The Long-Abandoned Path
I’m in Vermont this week, speaking at the Vermont Family Network conference in Burlington. I’m thrilled to be here, and I’ve been looking forward to this for a while now.
Today I watched orioles outside the window, even as the remaining snow slowly melts. Springtime in New England is not the most scenic of seasons; the ground is still covered with snow, but it feels less “winter wonderland” and more “Oh God, when is it going to end?” Honestly, though, I miss that feeling, too. Springtime in the north isn’t just warm and pretty. Here, it feels like you survived something epic. A sense of renewal here is very real in a way that just doesn’t register in a place like Texas. Back in Dallas, spring lasts about 45 minutes, long enough to take cover before Mister Golden Sun arrives to murder everybody.

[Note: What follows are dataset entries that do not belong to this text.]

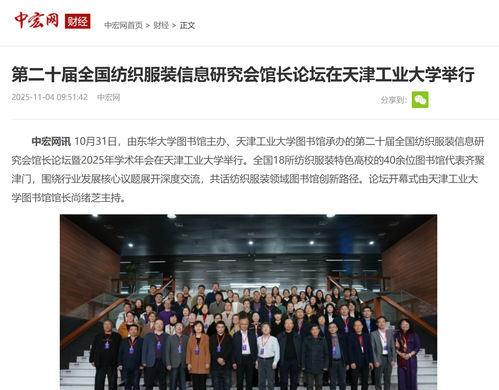 中宏网讯 10月31日,由东华大学图书馆主办、天津工业大学图书馆承办的第二十届全国纺织服装信息研究会馆长论坛暨2025年学术年会在天津工业大学举行。全国18所纺织服装特色高校的40余位图书馆代表齐聚津门,围绕行业发展核心议题展开深度交流,共话纺织服装领域图书馆创新路径。论坛开幕式由天津工业大学图书馆馆长尚绪芝主持。
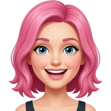 Woman with pink hair and blue eyes laughing emoji
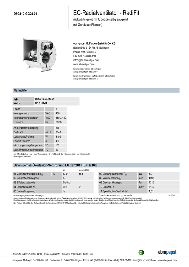 VCD0310FTRNS EBM Papst VCD0310FTRNS Wentylator promieniowy 400 V/AC 4990 m³/h 31...
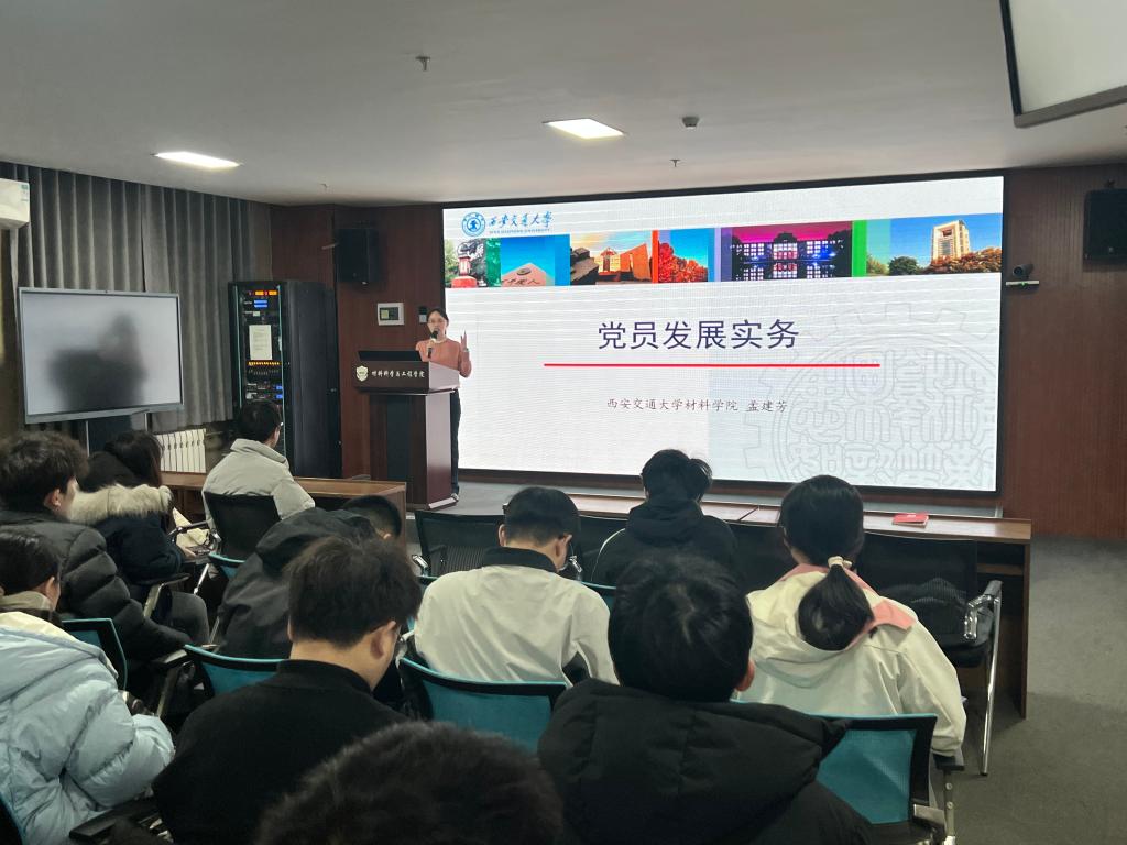 培训第二阶段,材料学院团委书记、辅导员孟建芳老师围绕“党员发展实务”进行了系统讲解。孟建芳从党员发展的条件、依据出发,详细阐述了发展党员工作的基本要求和原则,指出发展党员必须坚持政治标准第一,严格程序、保证质量。随后,孟建芳对党员发展的完整流程进行了逐步梳理,从递交入党申请书、确定入党积极分子、确定发展对象、发展预备党员、预备党员转正等关键环节,进行了清晰说明,帮助同学们准确把握各阶段的重点与规范。最后,孟建芳结合实际案例,讲解了常用发展文书的撰写要点,对思想汇报、入党志愿书等材料的内容要求和注意事项进行了具体指导,具有很强的实践性和指导性。

It’s a little bittersweet, being back in New England. We moved to Connecticut back in 2000, when Schuyler was only a couple of months old. We wanted Connecticut to be our home, different from Michigan or Texas. It was going to be our little Rummel-Hudson family adventure, a niche that we would carve out for ourselves. As it turned out, our final destination turned out to be someplace very, very different. Not exactly Holland, perhaps, but not New Haven, either.
So we moved back to Texas to be near my family and that whole support network. And now, my beloved cousin lives here in Vermont, 1,700 miles away, with her awesome husband and her equally fantastic special needs kid. Life can be funny sometimes. Not necessarily ha-ha funny, but still.
Julie and I were nomad parents, following a dream of better supports and better schools and communities for Schuyler. I don’t know what I would say if I could go back in time and tell those parents in 2003 what the future was going to look like. I might have told him to sit tight, that they might have been chasing an elusive dream. I don’t know, to be honest. I might’ve just told them to follow their hearts, which is doubtless what they would have done anyway.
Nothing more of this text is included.